Southern blot detection of telomere length among the transgenic wild type (TWT) and the dms3-4, fen1-1 dms3-4 and fen1-1 mutants. Genomic DNA was isolated from 14-day-old seedlings and digested with BfuCI. A telomere-specific sequence was used as the probe (left panel). Digested DNA stained with ethidium bromide (EtBr) before transferring was used as the loading control (right panel).
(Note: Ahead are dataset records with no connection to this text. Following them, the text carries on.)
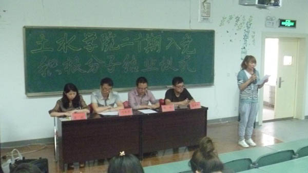 党组织于工科楼三阶教室举行了第二十期入党积极分子结业仪式。学工办主任郭利,团委书记叶新才、12级辅导员马姣、学生党建工作负责人王锋峰以及第二十期全体入党积极分子参加了仪式,大会由郭利老师主持。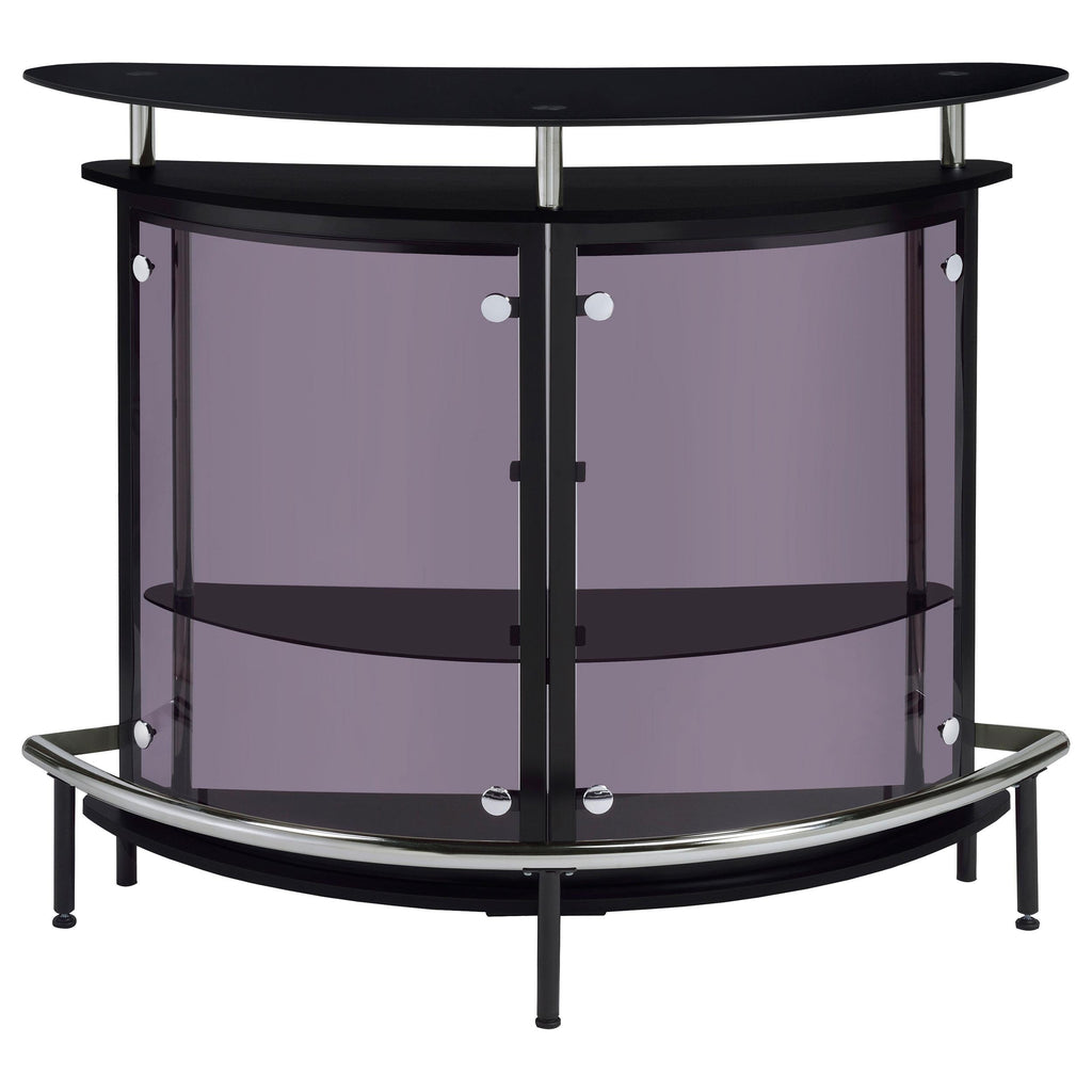 • Contemporary black bar unit with a curved metal frame in a classic black finish
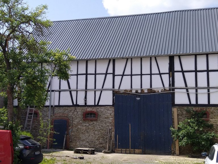 Die Gefache der Scheune wurden wieder gefestigt und teilweise komplett neu mit Lehmstacken geschlosssen, anschließen mit Kalkputz verputzt und freskal gefasst.
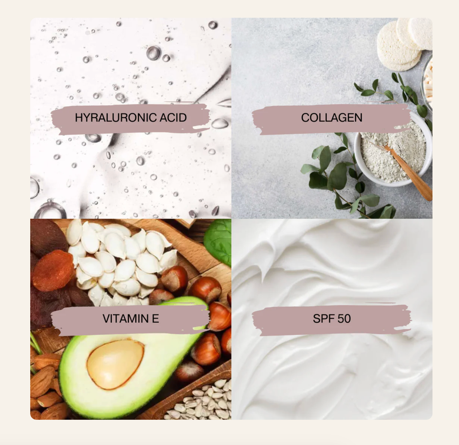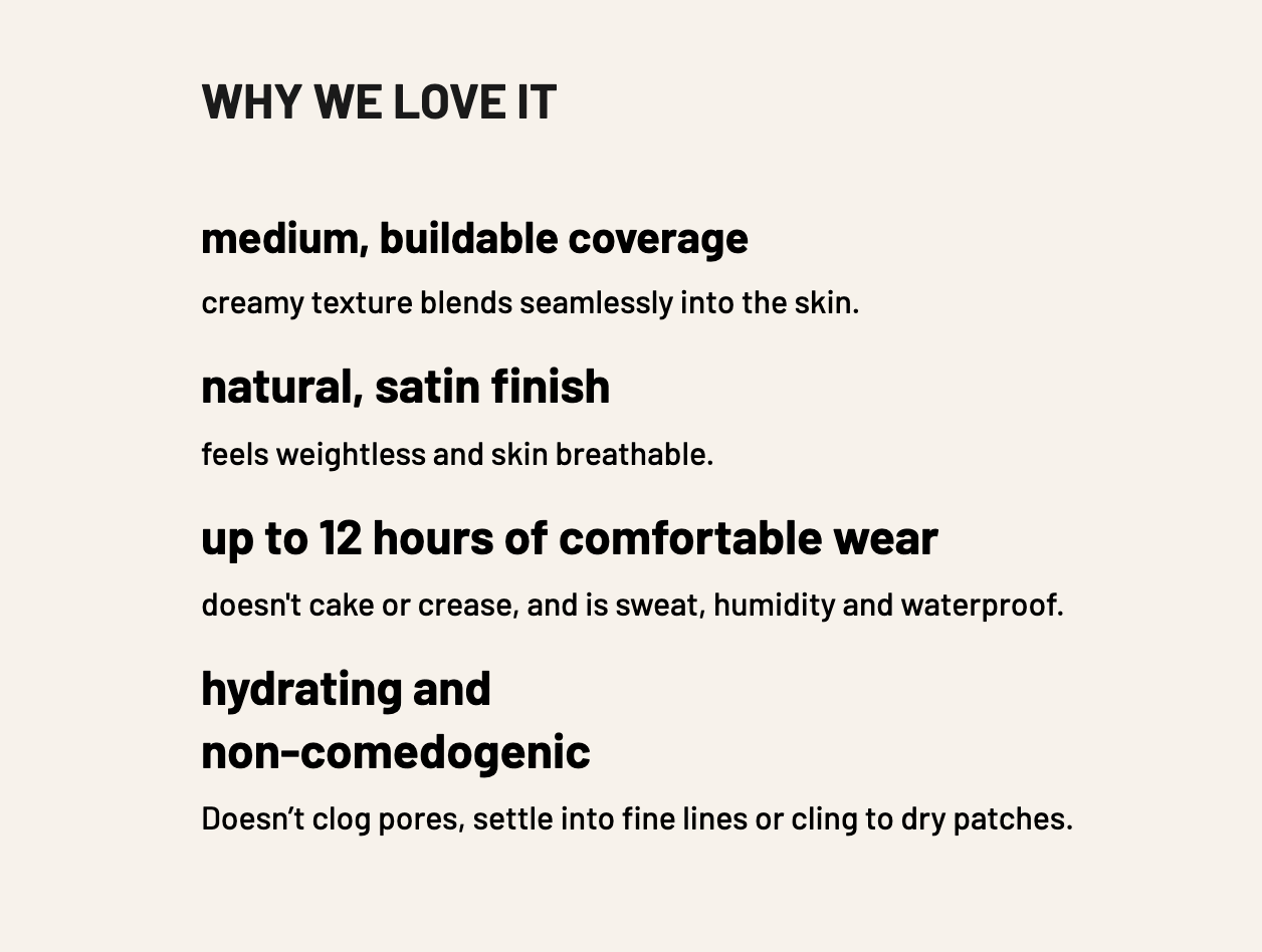 Our 4-in-1 liquid foundation is crafted with nourishing ingredients that hydrate, protect, and enhance your complexion. Enriched with botanical extracts, lightweight oils, and SPF 50+ for daily sun protection, it leaves your skin soft and beautiful. Our foundation is suitable for all skin types.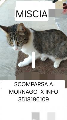 Ciao la gattina Miscia è scomparsa dal 3/2/2025 a mornago in via belvedere n.2 un segno particolare per riconoscerla è che i cuscinetti delle zampe posteriori sono rosa e neri, spero che questo mex possa aiutarmi a ritrovarla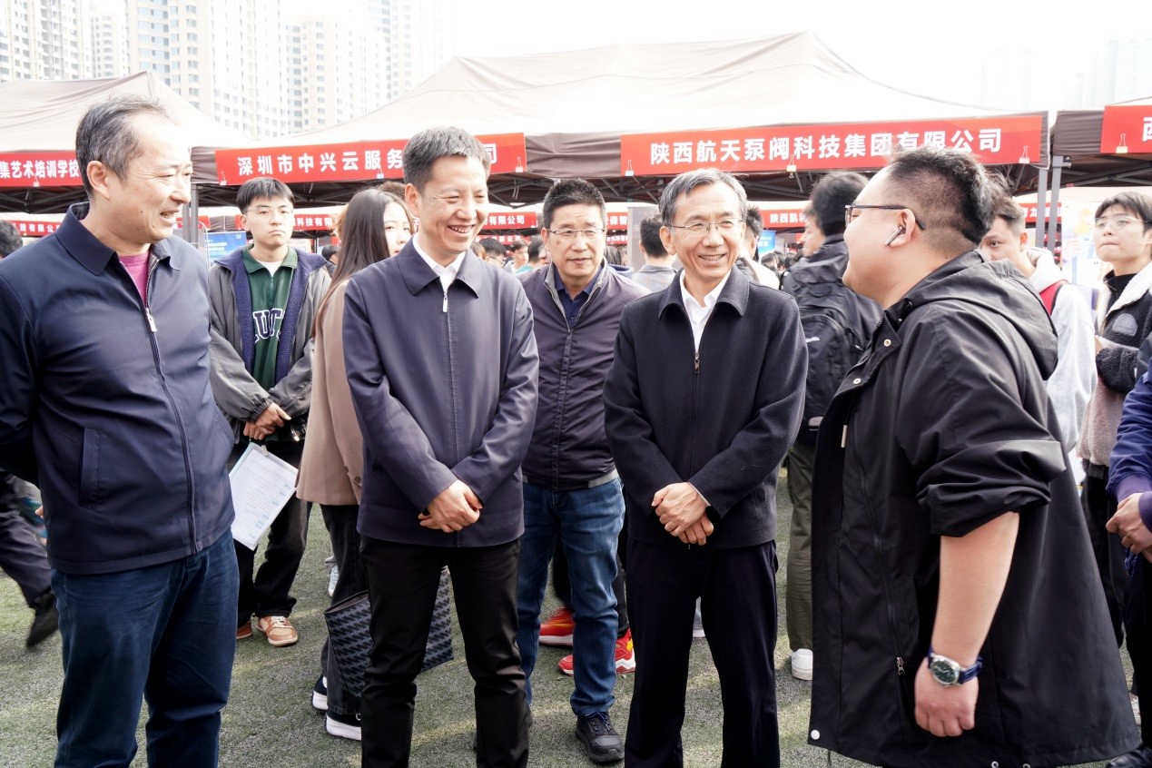 申雪峰一行深入招聘会现场,认真听取了我校关于招聘会筹备、现场组织、安保以及会议服务的情况汇报,了解了企业招聘需求,现场与毕业生、二级院(系)学生工作主要负责人、我校就业工作负责人、现场推介毕业生的专任教师及毕业班辅导员进行了交流。他鼓励毕业生要志存高远,积极进取,脚踏实地,将个人理想追求融入国家社会发展需要中去。建议用人单位要不拘一格降人才,既要承担好企业的社会责任,为毕业生创造好事业发展空间,又要加强校企合作,把企业人才需求和质量及时反馈到学校的人才培养过程中去,破解结构性矛盾,提升人才培养质量,促进供需对接平衡。并就高校做好毕业生就业工作提出几点建议:一是要千方百计促进市场化就业,深入开展访企拓岗促就业行动;二是要健全就业服务体系,强化就业育人实效,深入推进就业育人,切实维护毕业生就业权益;三是要聚焦重点群体,健全就业帮扶机制,用心用情做好就业困难群体帮扶。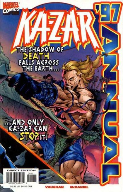 The Lord of the Savage Land swings into his own annual! Featuring the return of long-time Ka-Zar nemesis, Garokk the Petrified Man! Plus: find out how Parnival Plunder and his cosmic co-hort hooked up! It's a 48-page adventure with direct ties to the Ka-Zar ongoing series that leads right into the big revelation of who's really behind Parnival's sinister scheme! Written by Brian K. Vaughan (1st full story). Pencils by Walter McDaniel. Wraparound cover. Cover price $2.99.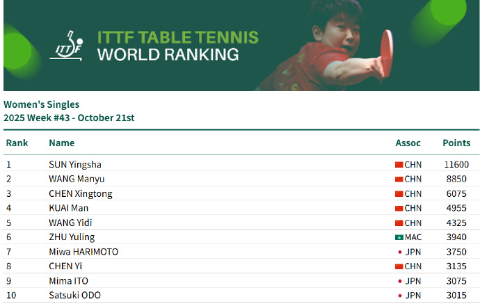 - 乒联排名:孙颖莎连续171周排名第一 国乒包揽女单前五
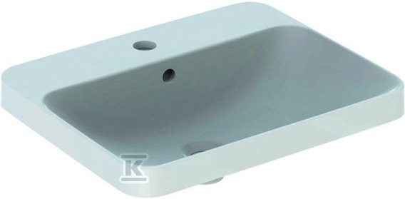 Umywalka Variform wpuszczana w blat, prostokątna, B55 cm, H17.8 cm, T45 cm, z przelewem, z otworem na baterię o numerze katalogowym 500.740.01.2 w kategorii Umywalki ceramiczne, Ceramika. Produkt wyprodukowany przez markę GEBERIT, seria VARIFORM.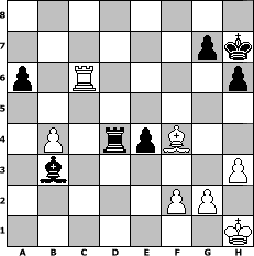 game notation in PGN-format [Event "II. Intergalaktische Meisterschaft"] [Site "www.myChess.de"] [Date "2008.09.08"] [Round "1"] [White "HenrySchinasky"] [Black "muetoe"] [ECO "C89"] [WhitemyELO "2019"] [BlackmyELO "1881"] [Result "1/2-1/2"] [TimeControl "10/2592000"] [WhiteDays "30"] [BlackDays "30"] [MyChessNo "47852"] 1. e4 e5 2. Nf3 Nc6 3. Bb5 a6 4. Ba4 Nf6 5. O-O Be7 6. Re1 b5 7. Bb3 O-O 8. c3 d6 9. h3 Na5 10. Bc2 c5 11. d4 Qc7 12. Nbd2 cxd4 13. cxd4 Bb7 14. Nf1 Rac8 15. Re2 d5 16. Nxe5 dxe4 17. Ng3 Rfd8 18. Nf5 Bd6 19. Nxd6 Qxd6 20. Be3 h6 21. Qd2 Nc6 22. Nxc6 Rxc6 23. Ree1 Rc4 24. Rec1 Rcc8 25. a4 Bc6 26. axb5 Bxb5 27. Bb3 Qd7 28. Ba2 Nd5 29. b4 Rxc1+ 30. Rxc1 Bc6 31. Rc5 Kh7 32. Qe1 Bb7 33. Qb1 f5 34. Bxd5 Bxd5 35. Bf4 Qa4 36. Be5 Rd7 37. Kh1 Qb3 38. Qxb3 Bxb3 39. Rc6 f4 40. Bxf4 Rxd4 1/2-1/2 position notation in FEN-format 8/6pk/p1R4p/8/1P1rpB2/1b5P/5PP1/7K - - - 0 41 Captured white pieces: Captured black pieces: Click on a captured piece in order to display the desired move!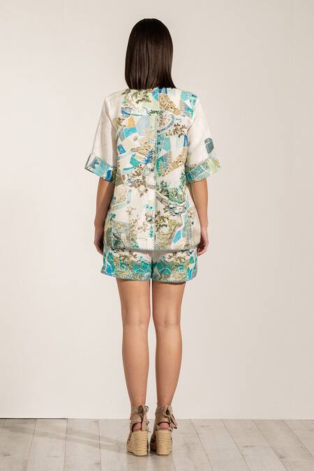 Teal Globe printed buttondown shirt made from viscose linen fabric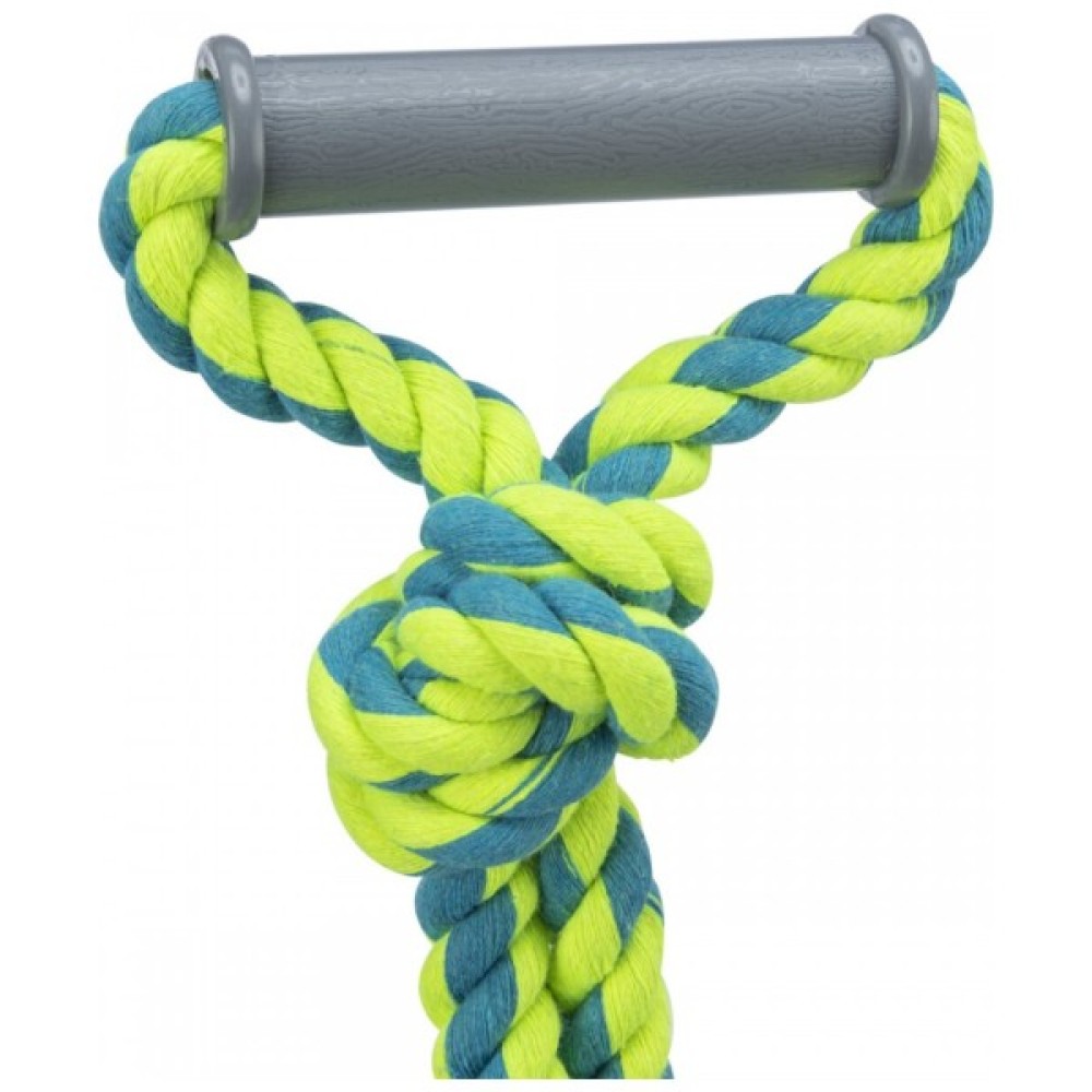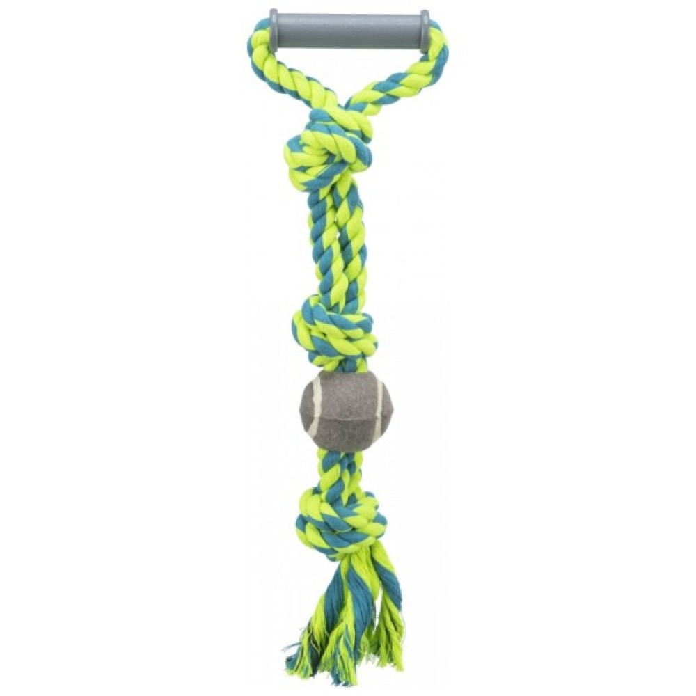 Кожний турботливий господар бажає, щоб його тваринка була щасливою і життєрадісною. Бренд Trixie повністю згоден з таким бажанням, а тому пропонує свою розробку Іграшка для собак Trixie Канат плетений з ручкою та м'ячем 50 см, d:6 см (текстиль), здатну розвивати вашого улюбленця та дарувати йому гарний настрій

fen1-1 releases NPTII silencing in dms3-4 by decreasing the level of H3K27me3

To elucidate the mechanism by which the fen1-1 mutants de-repressed the silencing locus, we performed chromatin immunoprecipitation sequencing (ChIP-seq) assays using H3K27m3, H3K4me3 and H3K9me2 antibodies to study changes in the epigenetic profile between TWT and fen1-1 mutant lines. The results obtained in this study correlated well with previous reports. We identified 7570 genes occupied by H3K27me3 (Data S3), which covered 76% (3881/5088) of the genes modified by H3K27me3 from a previous study (Lu et al., 2011) and 78% (3906/4980) of the genes reported from a second study (Zhang et al., 2007a) (Figure S2). We identified 17 548 genes that harbored H3K4me3 (Data S4), which represented a 97% (13788/14205) overlap with the genes obtained in a previous study (Luo et al., 2013) (Figure S2). We identified 3823 genes that contained H3K9me2 (Data S5), which covered 76% (872/1146) of the genes reported in Luo et al. (2013) (Figure S2). These results demonstrate that our ChIP-seq data are reliable.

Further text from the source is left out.